About this exercise → Images are to be dropped, and the rest of the data reproduced exactly.

Provided data →

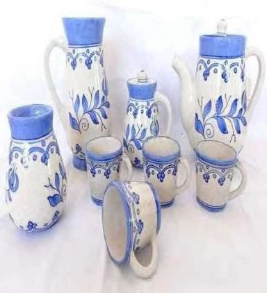 White Blue Pottery Tea Kettle Set, Feature : Eco Friendly, Attractive Look
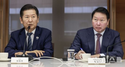 [서울=뉴시스] 류현주 정병혁 신재현 기자 = 정청래 더불어민주당 대표가 8일 최태원 대한상공회의소 회장을 만나 미국 조지아의 현대차-LG에너지솔루션 미 이민단속 당국의 체포·구금과 관련해 "비자 문제를 해결하기 위해 정부와 협력하겠다"고 밝혔다.
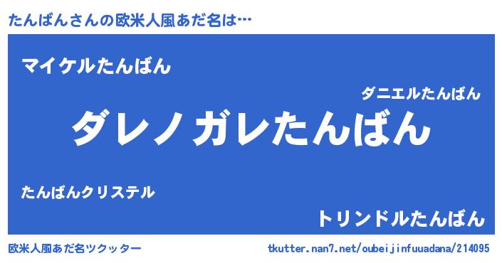 | 意味不明あだ名 | 『住所不定無職たんばん(91歳)』 |

Answer →
 White Blue Pottery Tea Kettle Set, Feature : Eco Friendly, Attractive Look
 [서울=뉴시스] 류현주 정병혁 신재현 기자 = 정청래 더불어민주당 대표가 8일 최태원 대한상공회의소 회장을 만나 미국 조지아의 현대차-LG에너지솔루션 미 이민단속 당국의 체포·구금과 관련해 "비자 문제를 해결하기 위해 정부와 협력하겠다"고 밝혔다.
 | 意味不明あだ名 | 『住所不定無職たんばん(91歳)』 |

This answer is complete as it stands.